In our time, post the Axial Age, we are now making a conscious decision whether or not to inflict malice upon others or the environment. We must remember this in all areas, regardless of our political, religious or cultural traditions.

The choices are ours. And so are their consequences.

July 15, 2008

Making a Mountain Out of an Anthill

Making a Mountain Out of an Anthill: The Inner Drive for a Social Contract

I have been reading Teilhard de Chardin’s The Phenomenon of Man (NY: Harper and Row, 1975), and gotten as far as his third section, “Thought.” His premise is fascinating, that consciousness underlies all matter. Consciousness is thus omnipresent, and ever-increases with biological complexity. It flows from geosphere to biosphere, then—with the advent of intelligence—the noosphere. On its evolutionary journey it rises from elemental chance to reasoned choice. Père Teilhard attempts to reconcile divinity with evolution, teleologically pointing life towards what he terms the “Omega Point:” a sort of Mobius strip for life whereby all life eventually folds back and returns to its origins in God.

Interestingly, this morning’s NY Times (July 15, 2008) carried a somewhat related story about the Harvard scientist, Edward O. Wilson, who studies ant social behavior and extrapolates lessons for humanity. Wilson is currently writing a treatise on “social evolution,” a controversial argument that connects of social behavior and genetics.

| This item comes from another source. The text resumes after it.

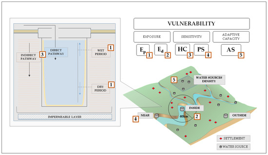Figure 2 presents an overview of the vulnerability assessment model describing the sub-indicators taken into consideration for the construction of this quantitative vulnerability analysis. As previously mentioned, nitrate contamination of open shallow water sources is a climate-driven issue since the wet periods activate contamination pathways and dry periods reduce the contaminant-to-solution ratio (1). The maximum number of settlements, potentially using the water source, is introduces as a two-way sub-indicator considering the exposure of these settlements and the pressure they bring on water sources (2). Moreover, as highlighted by the literature on the topic, nitrate contamination can occur through direct or indirect pathways (3), therefore sub-indicators of lateral and vertical hydraulic conductivity are taken into consideration. The location of the open shallow water sources (inside, outside or near the stream) (4) is introduced as a sensitivity factor while the adaptation strategies are evaluated through the water sources density (5).

Wilson sees an evolutionary impetus for cooperative, selfless behavior that favors the group over the individual. The Times article states, “In humans, these may include genes that underlie generosity, moral constraints, even religious behavior.” It goes on to say, “Morality and religion, [Wilson] suspects, are traits based on group selection. ‘Groups with men of quality — brave, strong, innovative, smart and altruistic — would tend to prevail, as Darwin said, over those groups that do not have those qualities so well developed,’ Dr. Wilson said.”

Wilson and like-minded colleagues have come under fire from others in the Sciences, such as Richard Dawkins (author of The Selfish Gene [Oxford U. Press, 1976] and The God Delusion [Bantam Books, 2006]). Dawkins and his camp narrowly see genetics, the “survival of the fittest” and natural selection in individual terms, as an organism’s single minded (“take no prisoners”) drive to survive and reproduce at all costs. Wilsonians, on the other hand, believe that natural selection works on many levels, including “multi-level or group-level selection”: in essence, an evolutionary process favoring the survival of the group over the needs of an individual.

For many reasons, I am most tempted to agree with Wilson’s view, not Dawkins’, as I’ve made abundantly clear elsewhere in other articles, such as “Turtles All the Way Down” and “Krishna’s Dictum.”

I’m not yet sure how closely Père Teilhard’s thesis overlaps with Wilson’s, but if Wilson can prove an evolutionary theory of morality, his work would certainly seem to harmonize with Teilhard’s belief that something greater than mechanical evolution is “afoot in the world.”